CST 8152 - Lexical Glossary
- We want to recognize a LANGUAGE.
- We write a GRAMMAR for the
language.
- The grammar is composed of PRODUCTIONS
containing TERMINAL symbols and NON-TERMINAL
symbols.
- Terminal symbols are TOKENS,
classified by a LEXICAL ANALYSER or SCANNER.
- The scanner reads the input and recognizes
character sequences called LEXEMES and classifies
them into tokens.
- The structure of the lexemes is based on PATTERNS.

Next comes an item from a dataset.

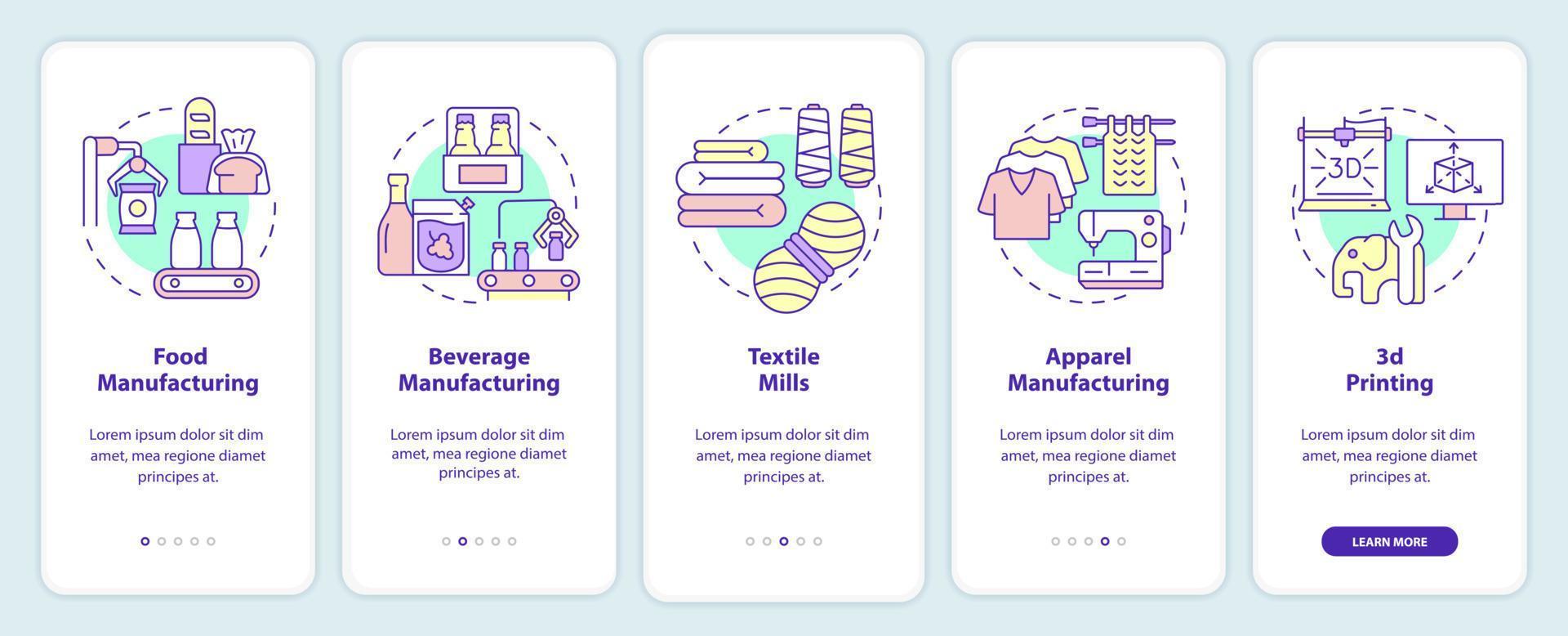 Manufacturing sub sectors onboarding mobile app screen. Walkthrough 5 steps graphic instructions pages with linear concepts. UI, UX, GUI template. Pro Vector

- The patterns are often expressed using REGULAR
EXPRESSIONS and REGULAR DEFINITIONS.
- Regular expressions are equivalent to FINITE
AUTOMATA.
- Finite automata can be either DETERMINISTIC
or NON-DETERMINISTIC.
- Deterministic finite automata can be
constructed from non-deterministic finite automata;
however, the construction may require an exponential
number of states.
- We can compile a regular expression
into a recognizer by constructing the finite automaton to
which it is equivalent.
- Finite automata can be represented using STATE
MACHINES.
- State machines may be DETERMINISTIC
or NON-DETERMINISTIC.
- State machines may be expressed using TRANSITION
DIAGRAMS (deterministic) and TRANSITION GRAPHS
(non-deterministic).
- From the transition diagrams and graphs we
can construct TRANSITION TABLES that tell what the
next state is, based on the current state and the current
input character.
- Transition tables can be coded.